Not long after, a newly married Laurie arrives. Laurie and Jo have a frank talk, and Laurie puts across his rationale for marrying Amy in clear terms: “I never shall stop loving you, but the love is altered, and I have learned to see that it is better as it is. Amy and you changed places in my heart, that’s all. I think it was meant to be so, and would have come about naturally.” Laurie’s admission frees Jo of her guilt of rejecting him, and she is able to put the notion of romantic love behind her, as though “shut[ting] the covers of a lovely romance, which holds the reader fast till the end comes, and he finds himself alone in the workaday world again.”
When Bhaer comes looking for Jo in Concord, she is ready for him and accepts his proposal of marriage.
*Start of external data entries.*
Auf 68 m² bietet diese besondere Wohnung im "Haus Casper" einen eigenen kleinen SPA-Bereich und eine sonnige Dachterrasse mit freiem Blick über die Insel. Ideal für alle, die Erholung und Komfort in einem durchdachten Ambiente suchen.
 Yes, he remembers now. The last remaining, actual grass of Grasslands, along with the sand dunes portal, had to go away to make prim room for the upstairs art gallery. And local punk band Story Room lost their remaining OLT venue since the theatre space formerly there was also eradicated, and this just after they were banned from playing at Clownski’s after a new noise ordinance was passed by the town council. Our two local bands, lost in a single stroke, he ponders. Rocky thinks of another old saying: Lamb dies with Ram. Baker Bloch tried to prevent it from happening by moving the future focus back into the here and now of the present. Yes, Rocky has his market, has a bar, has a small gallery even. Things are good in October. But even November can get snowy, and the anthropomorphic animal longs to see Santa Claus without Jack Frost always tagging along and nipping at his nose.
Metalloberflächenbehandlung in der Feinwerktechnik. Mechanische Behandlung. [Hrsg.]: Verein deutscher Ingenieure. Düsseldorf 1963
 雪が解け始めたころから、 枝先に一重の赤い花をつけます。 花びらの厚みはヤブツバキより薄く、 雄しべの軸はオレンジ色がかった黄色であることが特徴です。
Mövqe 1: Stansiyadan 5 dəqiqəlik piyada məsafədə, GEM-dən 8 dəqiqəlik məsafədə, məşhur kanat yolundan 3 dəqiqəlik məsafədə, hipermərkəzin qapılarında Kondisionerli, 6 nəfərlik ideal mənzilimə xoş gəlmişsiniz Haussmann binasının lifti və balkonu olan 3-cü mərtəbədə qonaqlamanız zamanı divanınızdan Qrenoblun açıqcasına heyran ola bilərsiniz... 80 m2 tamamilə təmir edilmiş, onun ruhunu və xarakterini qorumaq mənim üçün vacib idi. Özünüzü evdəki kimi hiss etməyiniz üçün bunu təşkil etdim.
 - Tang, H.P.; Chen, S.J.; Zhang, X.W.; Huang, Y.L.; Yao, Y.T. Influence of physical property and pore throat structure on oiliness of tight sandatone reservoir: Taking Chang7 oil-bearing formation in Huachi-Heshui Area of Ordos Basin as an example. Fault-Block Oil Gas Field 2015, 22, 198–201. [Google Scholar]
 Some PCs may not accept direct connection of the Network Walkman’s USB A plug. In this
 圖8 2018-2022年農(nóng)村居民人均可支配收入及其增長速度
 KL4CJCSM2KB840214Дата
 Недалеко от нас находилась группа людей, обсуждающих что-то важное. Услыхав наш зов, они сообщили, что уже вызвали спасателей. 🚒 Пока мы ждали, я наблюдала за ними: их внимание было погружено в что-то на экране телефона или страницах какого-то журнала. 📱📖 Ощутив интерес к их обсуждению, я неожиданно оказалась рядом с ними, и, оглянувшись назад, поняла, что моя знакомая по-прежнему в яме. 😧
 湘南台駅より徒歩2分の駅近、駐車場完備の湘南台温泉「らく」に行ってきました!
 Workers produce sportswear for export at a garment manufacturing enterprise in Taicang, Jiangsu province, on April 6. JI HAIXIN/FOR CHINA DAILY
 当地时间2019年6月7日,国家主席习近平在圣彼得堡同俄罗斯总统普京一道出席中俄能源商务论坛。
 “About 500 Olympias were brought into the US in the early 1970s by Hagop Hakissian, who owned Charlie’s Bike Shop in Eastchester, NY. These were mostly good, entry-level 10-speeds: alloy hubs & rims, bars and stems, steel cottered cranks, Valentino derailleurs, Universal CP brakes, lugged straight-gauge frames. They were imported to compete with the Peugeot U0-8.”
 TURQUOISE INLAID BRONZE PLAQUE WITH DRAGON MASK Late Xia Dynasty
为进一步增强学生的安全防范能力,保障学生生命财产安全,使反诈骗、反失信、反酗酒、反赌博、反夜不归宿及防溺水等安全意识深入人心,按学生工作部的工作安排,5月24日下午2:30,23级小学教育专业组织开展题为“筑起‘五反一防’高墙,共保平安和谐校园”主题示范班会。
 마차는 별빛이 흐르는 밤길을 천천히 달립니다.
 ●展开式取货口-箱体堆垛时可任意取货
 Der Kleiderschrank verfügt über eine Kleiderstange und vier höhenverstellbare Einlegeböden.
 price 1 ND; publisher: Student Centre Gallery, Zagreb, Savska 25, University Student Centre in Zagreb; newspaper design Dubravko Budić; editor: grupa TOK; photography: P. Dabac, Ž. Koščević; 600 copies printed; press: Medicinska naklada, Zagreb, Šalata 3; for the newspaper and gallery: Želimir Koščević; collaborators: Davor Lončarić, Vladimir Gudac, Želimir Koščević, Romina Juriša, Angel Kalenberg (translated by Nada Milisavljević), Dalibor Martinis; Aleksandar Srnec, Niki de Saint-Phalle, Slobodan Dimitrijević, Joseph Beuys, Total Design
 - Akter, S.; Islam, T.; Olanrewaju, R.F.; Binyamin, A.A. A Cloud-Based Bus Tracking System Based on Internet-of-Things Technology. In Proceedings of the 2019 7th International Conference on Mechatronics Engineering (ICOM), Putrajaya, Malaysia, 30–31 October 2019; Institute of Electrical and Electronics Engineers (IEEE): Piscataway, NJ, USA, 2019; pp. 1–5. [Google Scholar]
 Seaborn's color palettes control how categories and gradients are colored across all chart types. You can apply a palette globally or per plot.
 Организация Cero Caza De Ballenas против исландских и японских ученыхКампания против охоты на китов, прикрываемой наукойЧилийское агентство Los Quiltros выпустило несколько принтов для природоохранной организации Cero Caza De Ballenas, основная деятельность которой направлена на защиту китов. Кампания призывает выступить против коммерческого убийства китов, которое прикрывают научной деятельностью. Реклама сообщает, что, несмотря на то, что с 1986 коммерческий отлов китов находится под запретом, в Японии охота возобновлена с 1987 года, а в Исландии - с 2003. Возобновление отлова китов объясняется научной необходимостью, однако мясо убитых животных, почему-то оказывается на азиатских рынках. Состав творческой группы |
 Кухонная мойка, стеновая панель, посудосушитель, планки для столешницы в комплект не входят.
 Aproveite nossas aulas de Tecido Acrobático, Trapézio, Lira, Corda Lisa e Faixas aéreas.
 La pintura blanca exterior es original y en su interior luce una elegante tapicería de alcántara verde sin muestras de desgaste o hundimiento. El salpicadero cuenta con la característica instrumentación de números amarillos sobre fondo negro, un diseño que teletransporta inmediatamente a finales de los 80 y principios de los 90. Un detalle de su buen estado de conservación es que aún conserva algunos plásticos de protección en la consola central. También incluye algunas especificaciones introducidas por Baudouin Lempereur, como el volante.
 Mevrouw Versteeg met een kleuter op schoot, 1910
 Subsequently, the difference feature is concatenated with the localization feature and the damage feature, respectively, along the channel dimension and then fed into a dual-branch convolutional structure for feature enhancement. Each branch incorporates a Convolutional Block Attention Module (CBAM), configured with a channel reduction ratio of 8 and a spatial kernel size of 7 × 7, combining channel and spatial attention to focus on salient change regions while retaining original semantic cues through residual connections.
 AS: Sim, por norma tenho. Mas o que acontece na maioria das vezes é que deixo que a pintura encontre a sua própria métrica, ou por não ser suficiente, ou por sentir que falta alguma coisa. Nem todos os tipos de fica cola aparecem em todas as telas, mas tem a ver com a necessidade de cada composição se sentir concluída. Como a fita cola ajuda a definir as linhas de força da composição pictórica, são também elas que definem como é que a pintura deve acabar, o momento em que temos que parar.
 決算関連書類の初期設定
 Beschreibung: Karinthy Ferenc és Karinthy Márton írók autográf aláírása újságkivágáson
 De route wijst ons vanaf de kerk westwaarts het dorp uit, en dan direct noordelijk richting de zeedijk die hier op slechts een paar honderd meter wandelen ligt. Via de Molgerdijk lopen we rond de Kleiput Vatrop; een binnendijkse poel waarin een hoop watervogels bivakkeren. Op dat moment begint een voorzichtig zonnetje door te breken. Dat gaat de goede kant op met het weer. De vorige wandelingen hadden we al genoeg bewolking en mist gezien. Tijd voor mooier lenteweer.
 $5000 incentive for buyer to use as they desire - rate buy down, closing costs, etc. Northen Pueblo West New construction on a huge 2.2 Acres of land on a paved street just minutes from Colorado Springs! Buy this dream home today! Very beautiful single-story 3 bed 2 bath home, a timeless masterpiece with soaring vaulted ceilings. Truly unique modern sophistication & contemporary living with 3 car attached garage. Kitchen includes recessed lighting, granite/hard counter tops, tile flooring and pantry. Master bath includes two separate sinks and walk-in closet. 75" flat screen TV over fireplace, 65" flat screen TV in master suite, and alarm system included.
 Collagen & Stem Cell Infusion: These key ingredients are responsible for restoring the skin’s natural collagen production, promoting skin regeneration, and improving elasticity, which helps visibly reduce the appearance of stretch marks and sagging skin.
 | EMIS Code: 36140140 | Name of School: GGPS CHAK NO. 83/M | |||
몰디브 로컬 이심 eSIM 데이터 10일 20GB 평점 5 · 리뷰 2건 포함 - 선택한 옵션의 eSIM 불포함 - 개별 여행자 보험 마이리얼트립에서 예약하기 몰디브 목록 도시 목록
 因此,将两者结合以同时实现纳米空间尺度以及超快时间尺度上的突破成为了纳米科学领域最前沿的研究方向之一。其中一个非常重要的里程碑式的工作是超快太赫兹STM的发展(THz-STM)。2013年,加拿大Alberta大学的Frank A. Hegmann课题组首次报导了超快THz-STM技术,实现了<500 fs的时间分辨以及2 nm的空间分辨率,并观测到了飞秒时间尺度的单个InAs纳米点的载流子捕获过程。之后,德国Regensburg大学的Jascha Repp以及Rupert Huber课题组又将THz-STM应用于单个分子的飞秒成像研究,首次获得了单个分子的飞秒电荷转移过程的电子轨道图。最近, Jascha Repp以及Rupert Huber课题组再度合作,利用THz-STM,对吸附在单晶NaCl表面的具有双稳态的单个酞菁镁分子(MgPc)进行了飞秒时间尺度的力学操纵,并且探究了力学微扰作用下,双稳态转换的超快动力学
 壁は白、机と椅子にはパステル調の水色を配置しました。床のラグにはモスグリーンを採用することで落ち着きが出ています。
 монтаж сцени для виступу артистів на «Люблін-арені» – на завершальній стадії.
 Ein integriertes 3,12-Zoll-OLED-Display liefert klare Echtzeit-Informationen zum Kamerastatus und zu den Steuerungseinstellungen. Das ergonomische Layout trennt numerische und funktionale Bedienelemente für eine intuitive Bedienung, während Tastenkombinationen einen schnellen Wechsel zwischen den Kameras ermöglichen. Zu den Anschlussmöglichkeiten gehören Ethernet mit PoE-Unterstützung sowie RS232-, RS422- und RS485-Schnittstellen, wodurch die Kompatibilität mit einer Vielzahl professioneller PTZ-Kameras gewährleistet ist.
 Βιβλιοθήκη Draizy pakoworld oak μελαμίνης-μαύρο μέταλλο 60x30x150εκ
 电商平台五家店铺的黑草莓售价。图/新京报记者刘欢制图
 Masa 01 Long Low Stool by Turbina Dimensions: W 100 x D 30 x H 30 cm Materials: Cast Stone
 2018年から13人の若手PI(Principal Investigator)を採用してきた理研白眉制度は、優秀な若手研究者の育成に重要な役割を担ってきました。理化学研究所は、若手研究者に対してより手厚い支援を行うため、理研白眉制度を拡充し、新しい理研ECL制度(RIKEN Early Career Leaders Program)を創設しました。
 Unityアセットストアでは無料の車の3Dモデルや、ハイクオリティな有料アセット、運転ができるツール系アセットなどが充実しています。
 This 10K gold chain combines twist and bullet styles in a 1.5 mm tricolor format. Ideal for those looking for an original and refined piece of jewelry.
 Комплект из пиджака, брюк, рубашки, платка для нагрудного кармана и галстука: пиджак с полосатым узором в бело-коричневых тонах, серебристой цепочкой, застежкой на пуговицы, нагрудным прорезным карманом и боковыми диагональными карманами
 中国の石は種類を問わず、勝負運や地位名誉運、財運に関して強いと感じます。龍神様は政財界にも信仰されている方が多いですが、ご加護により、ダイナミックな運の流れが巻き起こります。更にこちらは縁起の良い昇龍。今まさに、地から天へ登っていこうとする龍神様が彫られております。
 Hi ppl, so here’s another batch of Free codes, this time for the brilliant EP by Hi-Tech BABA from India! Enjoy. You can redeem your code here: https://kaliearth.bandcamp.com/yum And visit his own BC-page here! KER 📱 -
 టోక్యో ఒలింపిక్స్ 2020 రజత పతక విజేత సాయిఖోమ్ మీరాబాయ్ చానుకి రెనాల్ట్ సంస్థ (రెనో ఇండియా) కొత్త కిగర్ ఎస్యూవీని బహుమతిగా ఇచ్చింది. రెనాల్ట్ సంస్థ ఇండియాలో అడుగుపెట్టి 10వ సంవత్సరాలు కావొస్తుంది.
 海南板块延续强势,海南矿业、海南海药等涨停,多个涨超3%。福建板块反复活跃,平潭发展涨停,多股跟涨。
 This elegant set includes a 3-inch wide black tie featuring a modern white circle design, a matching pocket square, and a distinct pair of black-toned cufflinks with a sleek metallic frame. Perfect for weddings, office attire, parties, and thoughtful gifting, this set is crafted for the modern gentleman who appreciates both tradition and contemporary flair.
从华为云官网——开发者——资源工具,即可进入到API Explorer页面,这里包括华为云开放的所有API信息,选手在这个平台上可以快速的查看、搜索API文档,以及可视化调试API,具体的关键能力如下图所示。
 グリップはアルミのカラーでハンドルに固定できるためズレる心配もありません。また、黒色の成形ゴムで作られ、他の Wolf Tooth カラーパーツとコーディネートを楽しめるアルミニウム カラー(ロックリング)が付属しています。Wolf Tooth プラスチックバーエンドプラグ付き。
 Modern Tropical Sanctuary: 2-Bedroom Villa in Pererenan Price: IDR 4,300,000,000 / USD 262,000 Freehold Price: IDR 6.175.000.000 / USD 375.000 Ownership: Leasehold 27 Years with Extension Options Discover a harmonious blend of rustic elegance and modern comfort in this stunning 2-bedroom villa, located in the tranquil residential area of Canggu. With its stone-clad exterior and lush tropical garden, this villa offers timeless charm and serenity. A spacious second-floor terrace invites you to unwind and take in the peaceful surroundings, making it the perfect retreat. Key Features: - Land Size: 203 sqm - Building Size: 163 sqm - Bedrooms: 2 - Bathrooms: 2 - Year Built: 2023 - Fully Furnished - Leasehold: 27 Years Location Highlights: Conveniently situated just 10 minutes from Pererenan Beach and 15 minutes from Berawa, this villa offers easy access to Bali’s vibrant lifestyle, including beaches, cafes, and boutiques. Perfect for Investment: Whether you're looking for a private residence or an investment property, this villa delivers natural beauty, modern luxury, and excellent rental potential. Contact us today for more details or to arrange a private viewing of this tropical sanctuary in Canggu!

Whether she would have been happy with Laurie is a difficult question to answer, but Marmee’s opinion on Laurie and Jo as a couple is very revealing: “I don’t think you are suited to one another. As friends you are very happy, and your frequent quarrels soon blow over, but I fear you would both rebel if you were mated for life. You are too much alike and too fond of freedom, not to mention hot tempers and strong wills, to get on happily together, in a relation which needs infinite patience and forbearance, as well as love.”
It is precisely because of their ‘hot tempers’ and ‘strong wills’ that Jo and Laurie need Bhaer and Amy to keep them in check. With Bhaer’s patient and edifying guidance, Jo is free to live the kind of life she had envisioned for herself, becoming a famous writer and the founder of a school for poor children. Similarly, under Amy’s cultured and sobering influence, Laurie becomes a successful businessman. In the end, therefore, the pairing of Laurie and Amy and Jo and Bhaer is the triumph of pragmatic love over romantic love.